Transition to retirement strategy

In the recent Federal Budget, the Government confirmed that concessional contribution caps will be fixed at $25,000 pa for the next two financial years, that is the amount that you can contribute into superannuation. This cap will apply to everyone including those aged 50 or over with a super balance less than $500,000. This will adversely affect many clients who are implementing a transition to retirement (TTR) strategy, as one of the main benefits of a TTR strategy is achieved through the tax savings gained by swapping salary or other income for concessional super contributions (the other main benefit being the tax exemption on earnings while in the pension phase of super). The reduced concessional contributions cap will limit the amount of salary sacrifice a client can make, significantly curtailing the net tax savings gained under the strategy for some clients. It is recommended that any clients who currently have a transition to retirement strategy in place review their plan.

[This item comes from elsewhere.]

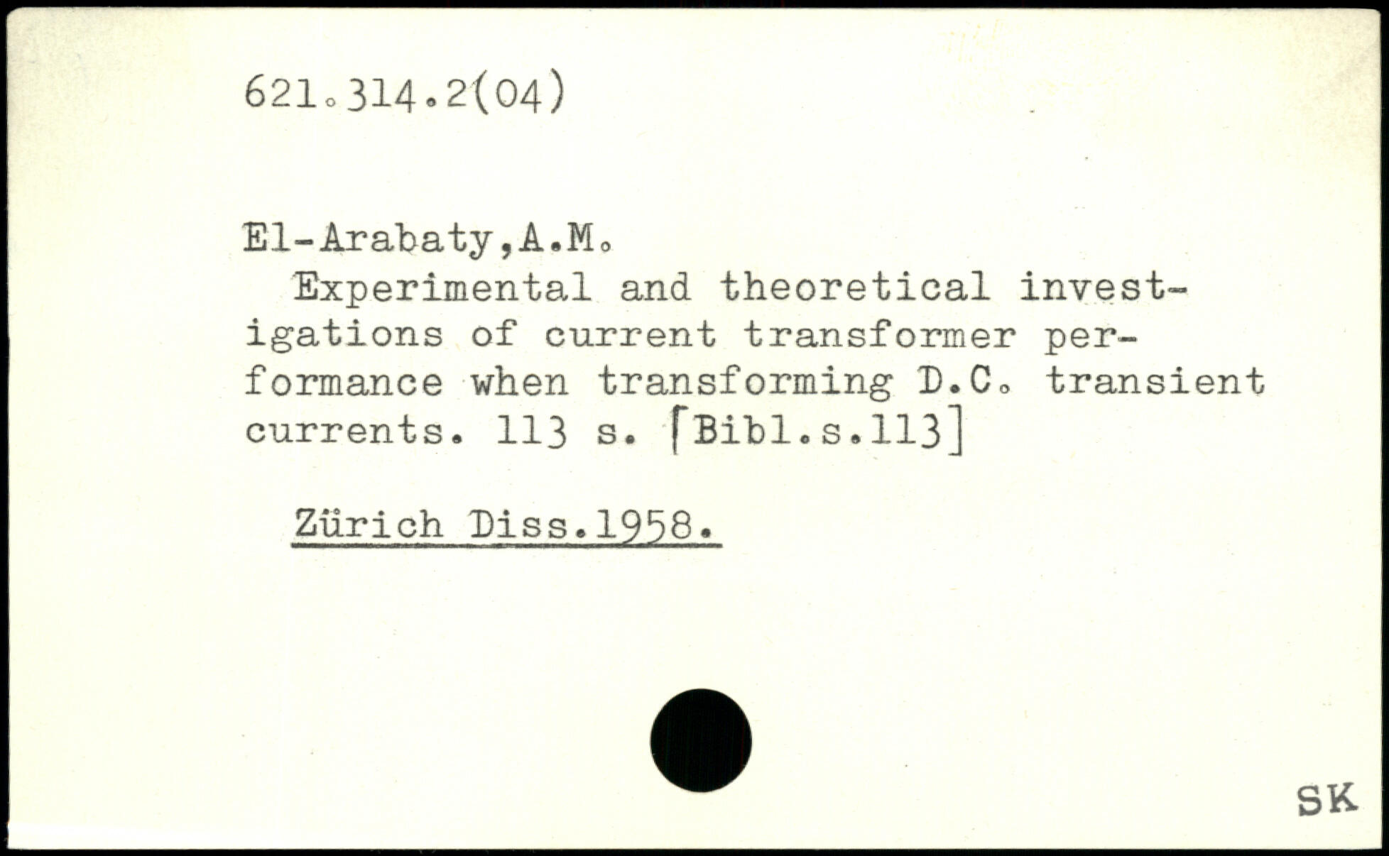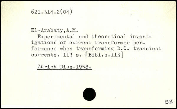 Experimental and theoretical investigations of current transformer performance when transforming D.C. transient currents.

However, if we leave aside the reduction in the concessional contributions cap and looking purely at the impact of the changes to marginal tax rates and thresholds from 1 July 2012, the good news is that the TTR strategy will continue to be tax effective for many clients, with minimal or no changes to the personal tax benefits of this strategy. Our analysis suggests that clients at certain income levels will actually be slightly better off from 1 July 2012 when all changes in marginal tax rates, LITO, low income Government superannuation contribution and reduction in co-contribution are taken into consideration.

In addition, the increased tax benefit of a TTR strategy that arrived once a client reaches age 60 (with all pension payments from taxed super funds being non-assessable non-exempt income) continues unchanged in 2012–13.

Contributions to super

Contributing to your super can be one of the most tax-effective ways of building your retirement savings. However, you need to be extra careful not to exceed your 

concessional contributions cap and incur excess tax. The government limits how much you can contribute to super in any one year. The annual contributions caps are:

·         $25,000 per year for pre-tax contributions (concessional) if you are under age 50 on the last day of the financial year.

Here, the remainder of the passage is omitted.